__Exercise brief__:
Beginning at the line containing "pool or beach.", repeat each line below exactly up to and including the line containing "Портрет молодой красивой". Do not repeat the pictures.

Stored data entries:
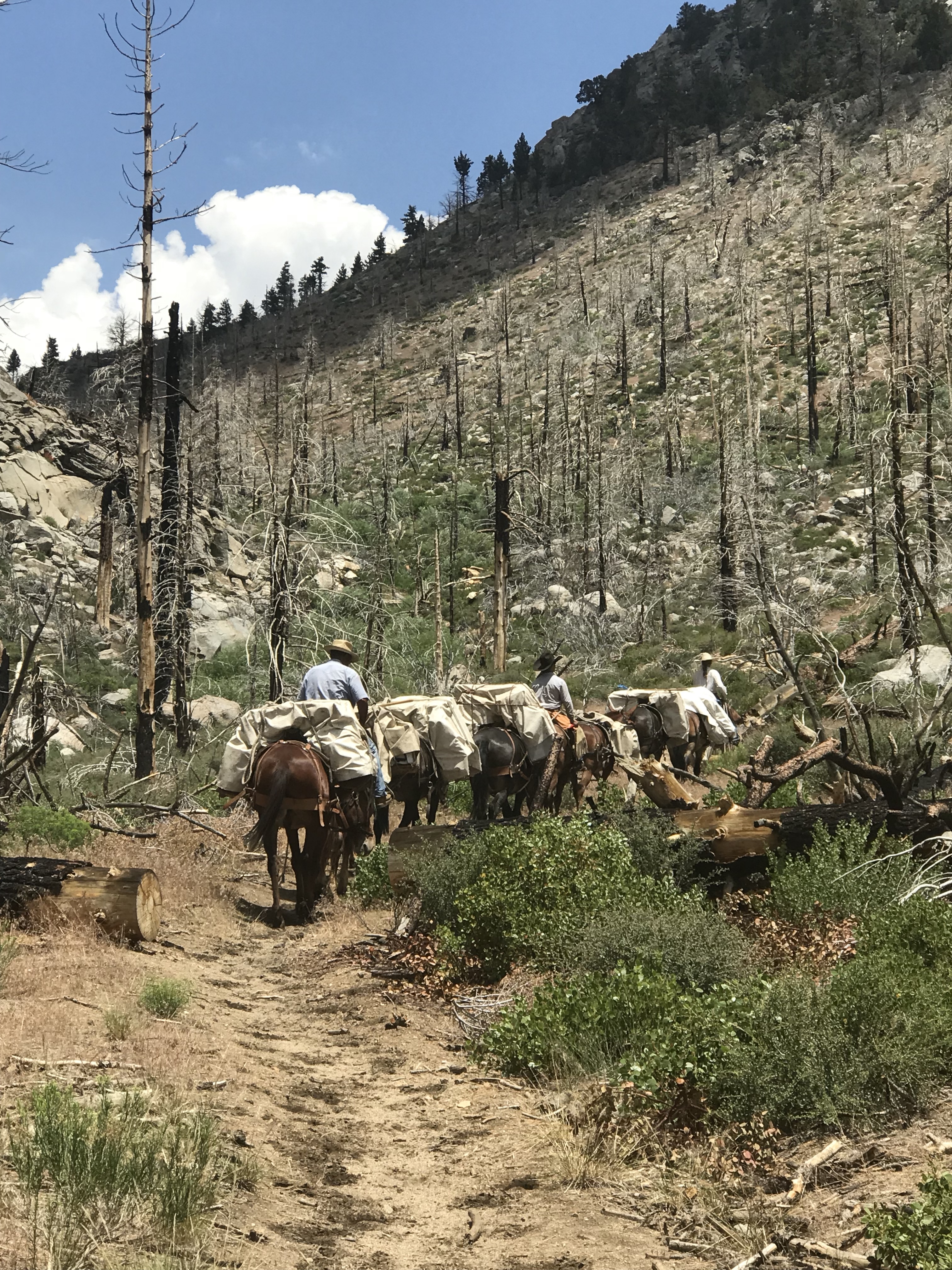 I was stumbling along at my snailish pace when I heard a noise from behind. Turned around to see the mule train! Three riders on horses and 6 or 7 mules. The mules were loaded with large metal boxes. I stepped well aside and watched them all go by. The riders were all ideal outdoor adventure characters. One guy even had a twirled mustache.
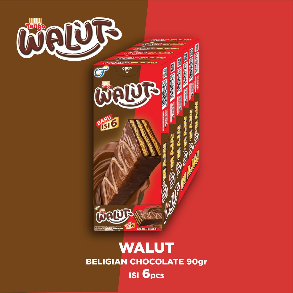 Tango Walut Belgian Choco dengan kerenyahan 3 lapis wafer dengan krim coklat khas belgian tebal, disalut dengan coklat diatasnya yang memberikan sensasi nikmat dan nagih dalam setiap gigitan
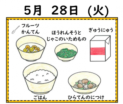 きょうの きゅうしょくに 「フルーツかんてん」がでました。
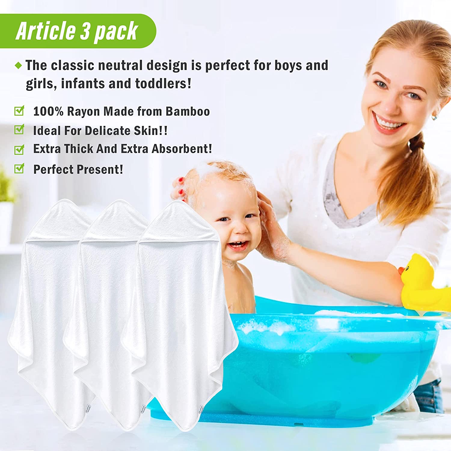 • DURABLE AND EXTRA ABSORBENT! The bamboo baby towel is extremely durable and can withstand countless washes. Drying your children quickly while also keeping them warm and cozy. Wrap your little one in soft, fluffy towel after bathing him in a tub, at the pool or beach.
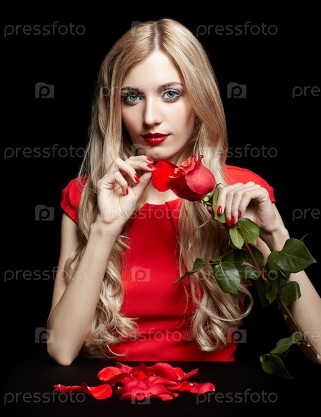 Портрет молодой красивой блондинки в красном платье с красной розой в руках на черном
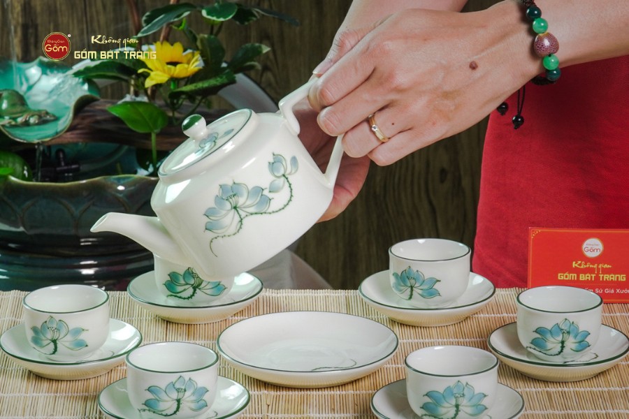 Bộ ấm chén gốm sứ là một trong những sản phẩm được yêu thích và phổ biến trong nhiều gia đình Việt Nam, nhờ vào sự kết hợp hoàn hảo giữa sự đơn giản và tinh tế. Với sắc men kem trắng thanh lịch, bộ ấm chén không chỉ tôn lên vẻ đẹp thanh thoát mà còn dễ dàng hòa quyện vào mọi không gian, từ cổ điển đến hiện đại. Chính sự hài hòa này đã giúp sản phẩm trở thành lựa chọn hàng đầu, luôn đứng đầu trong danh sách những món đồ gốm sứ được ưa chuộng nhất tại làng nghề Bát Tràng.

__Written solution__:
 • DURABLE AND EXTRA ABSORBENT! The bamboo baby towel is extremely durable and can withstand countless washes. Drying your children quickly while also keeping them warm and cozy. Wrap your little one in soft, fluffy towel after bathing him in a tub, at the pool or beach.
 Портрет молодой красивой блондинки в красном платье с красной розой в руках на черном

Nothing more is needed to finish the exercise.